## What is needed
Should the listing contain images, exclude them; give the rest again exactly.

## Data provided

* * *

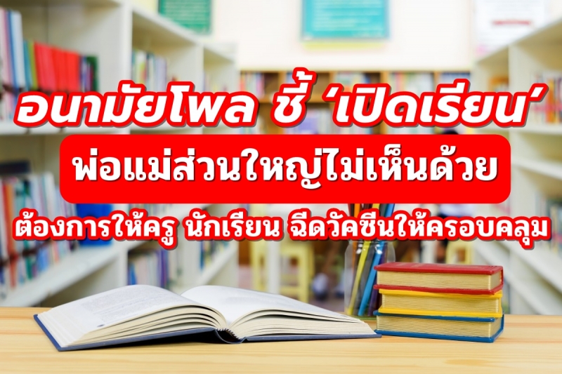 | • อนามัยโพล ชี้ เปิดเรียน พ่อแม่ส่วนใหญ่ไม่เห็นด้วย ต้องการให้ครู นักเรียน ฉีดวัคซีนให้ครอบคลุม |
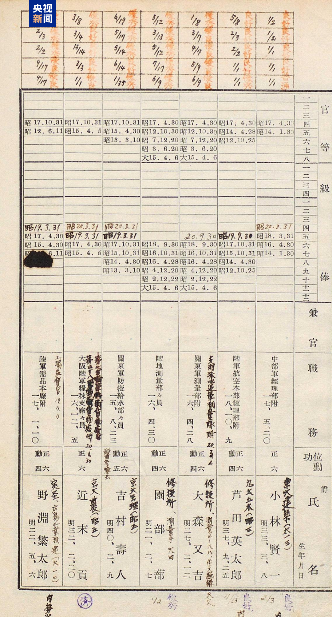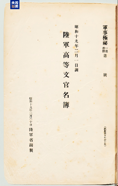 侵華日軍第七三一部隊罪證陳列館與日本學(xué)者松野誠也聯(lián)合發(fā)布了一份最新發(fā)現(xiàn)的史料文獻(xiàn)《陸軍高等文官名簿 陸軍書記官 陸軍技師》。
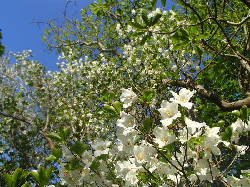 ・もう少しいろんな角度から「白いヒツジ」を楽しみたかったので、遠足尾根分岐方面へ足を延ばしてみることに。一旦下りながらじっくり「白いヒツジ」を観察。結論としては、山頂付近が観察には一番いいポイントだと納得。分岐付近のシロヤシオの花の下で小休止です。
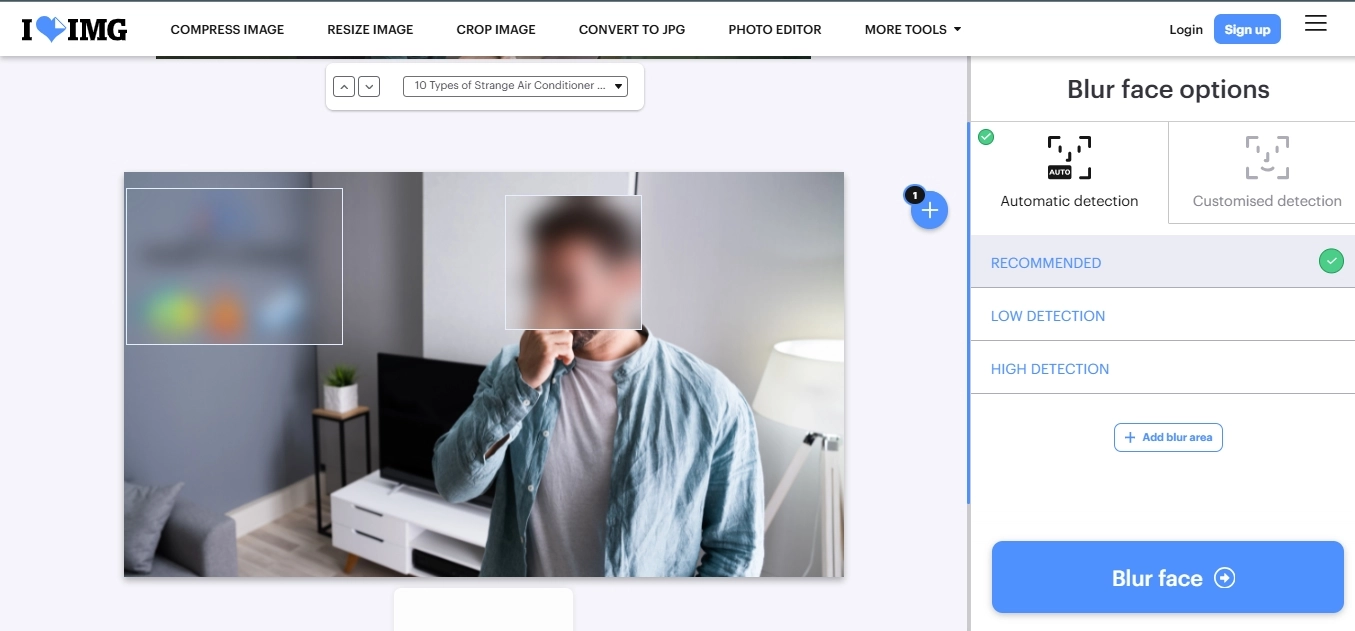 iLoveImg: Automatic Face Detection and Blur

* * *

## Your response
 | • อนามัยโพล ชี้ เปิดเรียน พ่อแม่ส่วนใหญ่ไม่เห็นด้วย ต้องการให้ครู นักเรียน ฉีดวัคซีนให้ครอบคลุม |
 侵華日軍第七三一部隊罪證陳列館與日本學(xué)者松野誠也聯(lián)合發(fā)布了一份最新發(fā)現(xiàn)的史料文獻(xiàn)《陸軍高等文官名簿 陸軍書記官 陸軍技師》。
 ・もう少しいろんな角度から「白いヒツジ」を楽しみたかったので、遠足尾根分岐方面へ足を延ばしてみることに。一旦下りながらじっくり「白いヒツジ」を観察。結論としては、山頂付近が観察には一番いいポイントだと納得。分岐付近のシロヤシオの花の下で小休止です。
 iLoveImg: Automatic Face Detection and Blur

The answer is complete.